Study material:
**********

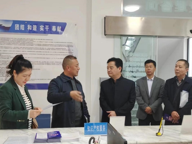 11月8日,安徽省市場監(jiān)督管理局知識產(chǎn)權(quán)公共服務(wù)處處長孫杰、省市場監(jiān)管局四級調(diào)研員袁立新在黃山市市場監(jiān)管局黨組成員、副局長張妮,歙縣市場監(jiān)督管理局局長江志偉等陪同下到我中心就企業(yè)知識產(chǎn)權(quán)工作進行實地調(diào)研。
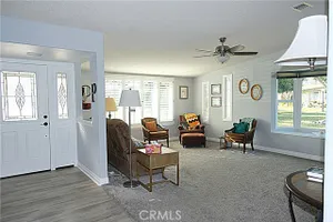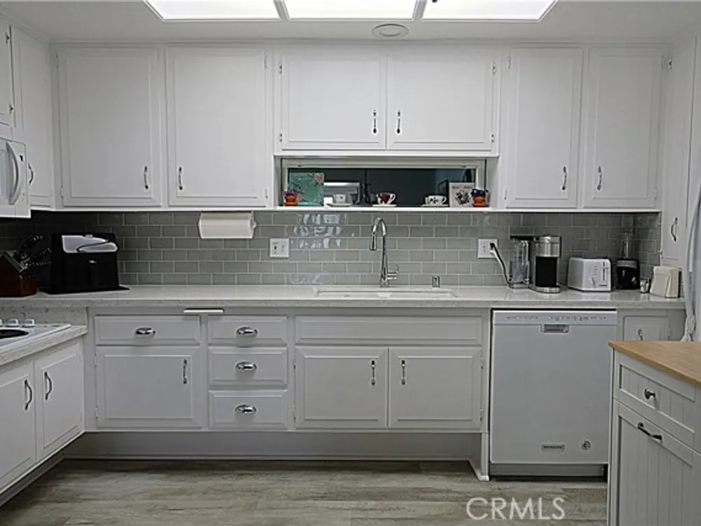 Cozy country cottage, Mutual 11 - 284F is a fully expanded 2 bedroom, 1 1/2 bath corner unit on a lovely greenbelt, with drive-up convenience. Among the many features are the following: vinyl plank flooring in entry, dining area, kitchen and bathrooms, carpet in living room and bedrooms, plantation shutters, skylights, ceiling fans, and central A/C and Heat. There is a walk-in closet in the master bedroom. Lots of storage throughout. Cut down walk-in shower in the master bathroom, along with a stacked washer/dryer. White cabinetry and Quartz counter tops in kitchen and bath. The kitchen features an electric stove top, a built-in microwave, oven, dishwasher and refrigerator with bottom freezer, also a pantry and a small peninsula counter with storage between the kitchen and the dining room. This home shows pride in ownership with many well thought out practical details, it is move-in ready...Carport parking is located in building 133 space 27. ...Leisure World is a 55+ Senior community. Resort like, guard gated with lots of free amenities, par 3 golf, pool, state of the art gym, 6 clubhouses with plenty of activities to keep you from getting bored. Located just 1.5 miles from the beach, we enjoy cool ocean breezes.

**********

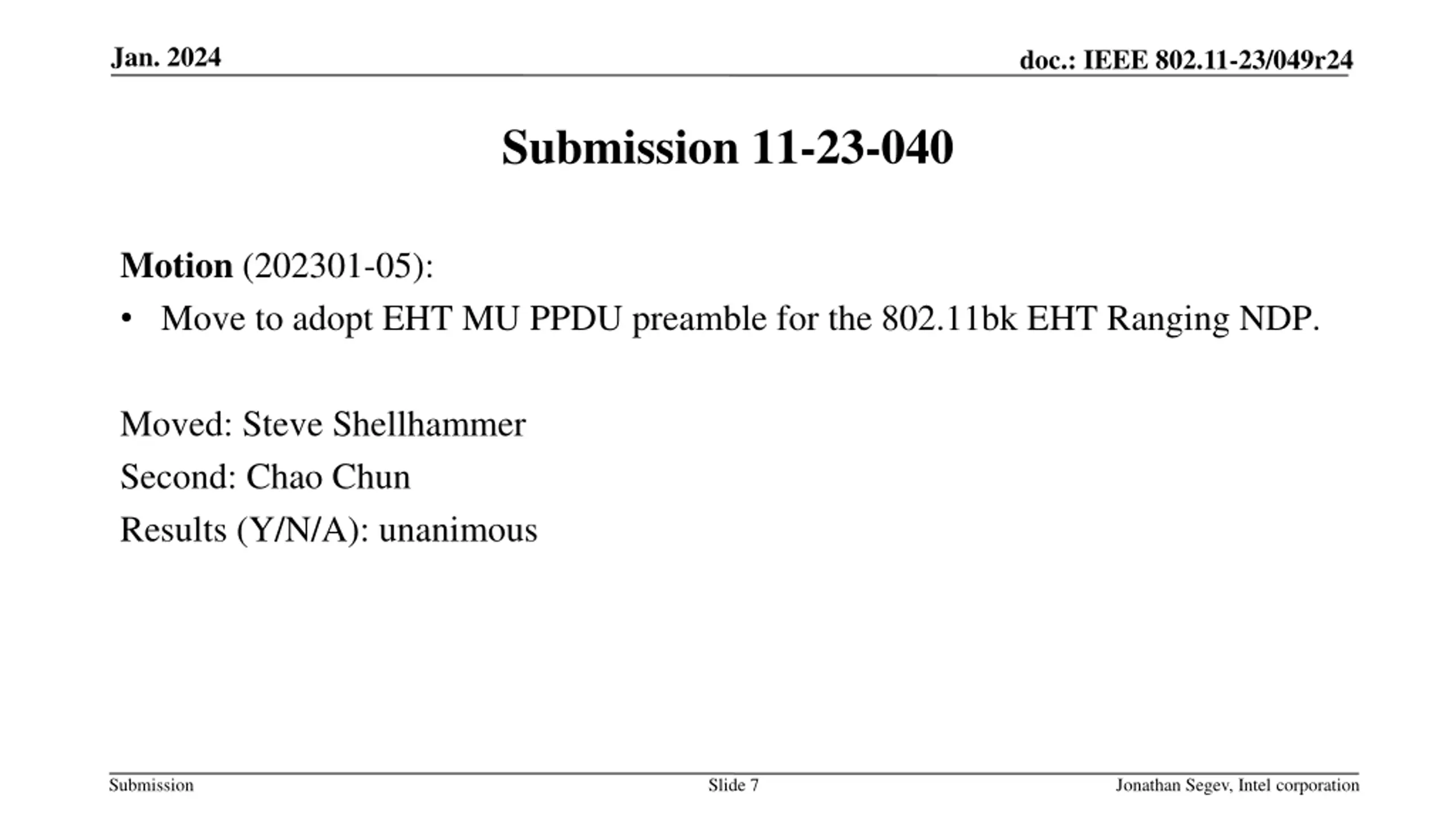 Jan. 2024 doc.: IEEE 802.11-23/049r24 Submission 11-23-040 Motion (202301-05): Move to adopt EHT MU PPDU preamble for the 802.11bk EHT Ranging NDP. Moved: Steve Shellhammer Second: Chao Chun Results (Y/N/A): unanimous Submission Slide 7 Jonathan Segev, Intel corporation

**********

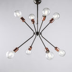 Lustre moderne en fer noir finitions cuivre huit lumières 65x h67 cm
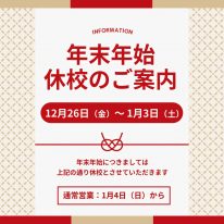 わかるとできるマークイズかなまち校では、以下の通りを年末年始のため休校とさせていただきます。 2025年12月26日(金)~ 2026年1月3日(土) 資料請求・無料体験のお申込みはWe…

**********

Your instructions:
Each line above that falls between the line with "11月8日,安徽省市場監(j" and the line with "Cozy country cottage, Mutual" should be printed exactly, together with those two lines, but the pictures should not.

Response:
 11月8日,安徽省市場監(jiān)督管理局知識產(chǎn)權(quán)公共服務(wù)處處長孫杰、省市場監(jiān)管局四級調(diào)研員袁立新在黃山市市場監(jiān)管局黨組成員、副局長張妮,歙縣市場監(jiān)督管理局局長江志偉等陪同下到我中心就企業(yè)知識產(chǎn)權(quán)工作進行實地調(diào)研。
 Cozy country cottage, Mutual 11 - 284F is a fully expanded 2 bedroom, 1 1/2 bath corner unit on a lovely greenbelt, with drive-up convenience. Among the many features are the following: vinyl plank flooring in entry, dining area, kitchen and bathrooms, carpet in living room and bedrooms, plantation shutters, skylights, ceiling fans, and central A/C and Heat. There is a walk-in closet in the master bedroom. Lots of storage throughout. Cut down walk-in shower in the master bathroom, along with a stacked washer/dryer. White cabinetry and Quartz counter tops in kitchen and bath. The kitchen features an electric stove top, a built-in microwave, oven, dishwasher and refrigerator with bottom freezer, also a pantry and a small peninsula counter with storage between the kitchen and the dining room. This home shows pride in ownership with many well thought out practical details, it is move-in ready...Carport parking is located in building 133 space 27. ...Leisure World is a 55+ Senior community. Resort like, guard gated with lots of free amenities, par 3 golf, pool, state of the art gym, 6 clubhouses with plenty of activities to keep you from getting bored. Located just 1.5 miles from the beach, we enjoy cool ocean breezes.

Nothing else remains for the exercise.